REQUIRED ACTION
The material below holds pictures; leave them out and reproduce exactly the lines from the one with "А как ты думаешь, о" through the one with "Prezentowany tu wariant", inclusive.

STORED DATA
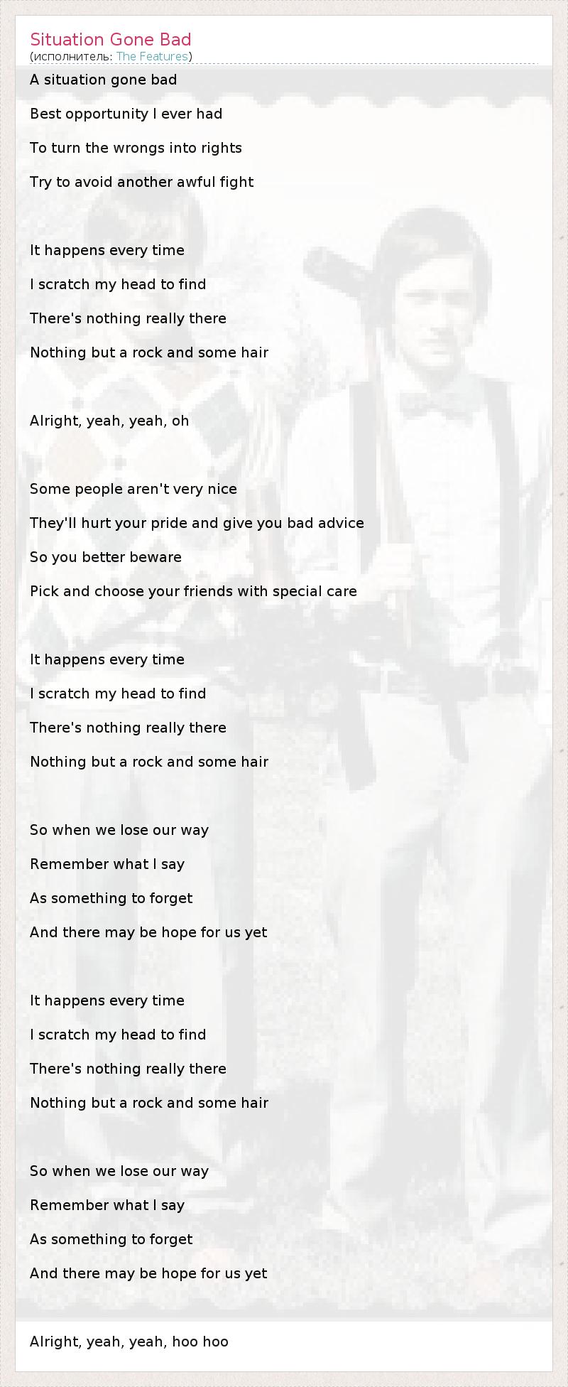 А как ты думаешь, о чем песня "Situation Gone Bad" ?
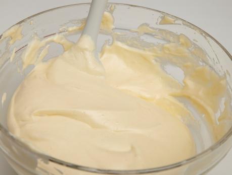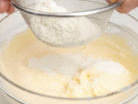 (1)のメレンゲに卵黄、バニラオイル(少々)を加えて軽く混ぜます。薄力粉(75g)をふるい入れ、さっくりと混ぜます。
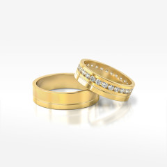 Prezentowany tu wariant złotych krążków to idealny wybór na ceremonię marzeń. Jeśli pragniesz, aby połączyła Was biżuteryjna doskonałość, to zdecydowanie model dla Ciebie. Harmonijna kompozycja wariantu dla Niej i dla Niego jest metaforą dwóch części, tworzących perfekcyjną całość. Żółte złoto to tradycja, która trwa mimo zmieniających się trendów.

==

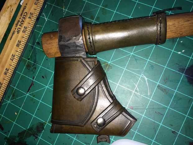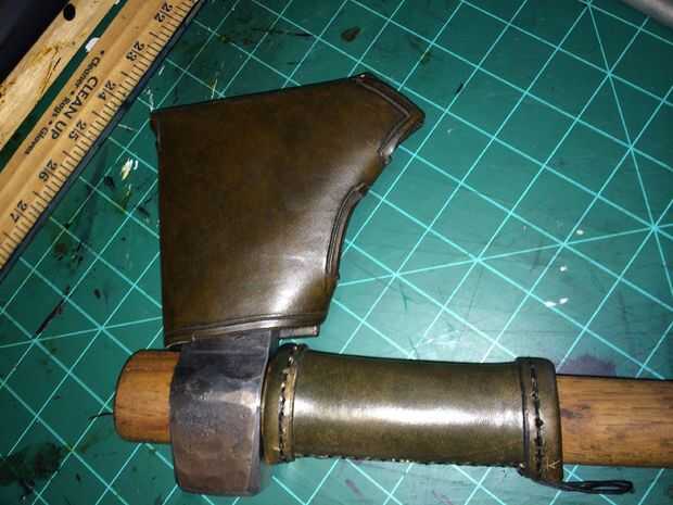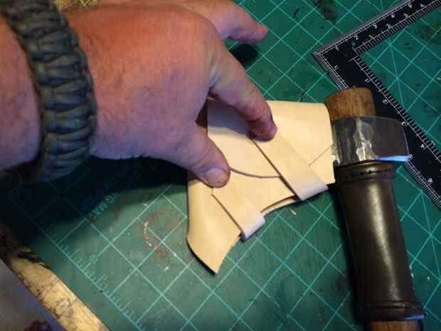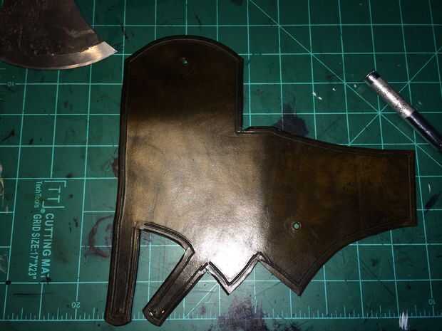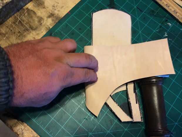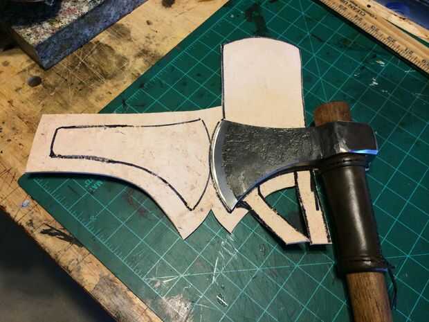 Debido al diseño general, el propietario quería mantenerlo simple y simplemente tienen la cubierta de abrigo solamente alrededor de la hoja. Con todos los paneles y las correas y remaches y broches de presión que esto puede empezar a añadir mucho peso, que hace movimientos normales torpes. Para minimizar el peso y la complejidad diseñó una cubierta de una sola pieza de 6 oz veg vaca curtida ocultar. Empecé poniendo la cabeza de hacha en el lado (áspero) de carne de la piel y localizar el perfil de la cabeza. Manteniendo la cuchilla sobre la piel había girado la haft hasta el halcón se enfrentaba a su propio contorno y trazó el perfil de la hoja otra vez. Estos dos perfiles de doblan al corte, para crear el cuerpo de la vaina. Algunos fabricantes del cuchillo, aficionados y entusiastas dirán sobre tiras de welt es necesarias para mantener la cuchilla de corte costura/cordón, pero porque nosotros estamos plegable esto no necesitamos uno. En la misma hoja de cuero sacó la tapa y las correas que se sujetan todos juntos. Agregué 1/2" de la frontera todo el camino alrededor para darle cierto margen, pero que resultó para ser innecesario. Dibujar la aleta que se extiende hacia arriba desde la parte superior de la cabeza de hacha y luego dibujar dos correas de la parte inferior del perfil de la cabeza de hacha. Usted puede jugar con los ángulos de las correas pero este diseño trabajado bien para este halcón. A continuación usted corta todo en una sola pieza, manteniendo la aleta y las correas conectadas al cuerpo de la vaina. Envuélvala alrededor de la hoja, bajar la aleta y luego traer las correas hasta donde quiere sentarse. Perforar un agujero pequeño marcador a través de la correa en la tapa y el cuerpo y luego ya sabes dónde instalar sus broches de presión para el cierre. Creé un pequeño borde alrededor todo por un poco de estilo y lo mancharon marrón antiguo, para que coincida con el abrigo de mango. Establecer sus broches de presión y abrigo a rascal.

OUTPUT OF THE TASK
 А как ты думаешь, о чем песня "Situation Gone Bad" ?
 (1)のメレンゲに卵黄、バニラオイル(少々)を加えて軽く混ぜます。薄力粉(75g)をふるい入れ、さっくりと混ぜます。
 Prezentowany tu wariant złotych krążków to idealny wybór na ceremonię marzeń. Jeśli pragniesz, aby połączyła Was biżuteryjna doskonałość, to zdecydowanie model dla Ciebie. Harmonijna kompozycja wariantu dla Niej i dla Niego jest metaforą dwóch części, tworzących perfekcyjną całość. Żółte złoto to tradycja, która trwa mimo zmieniających się trendów.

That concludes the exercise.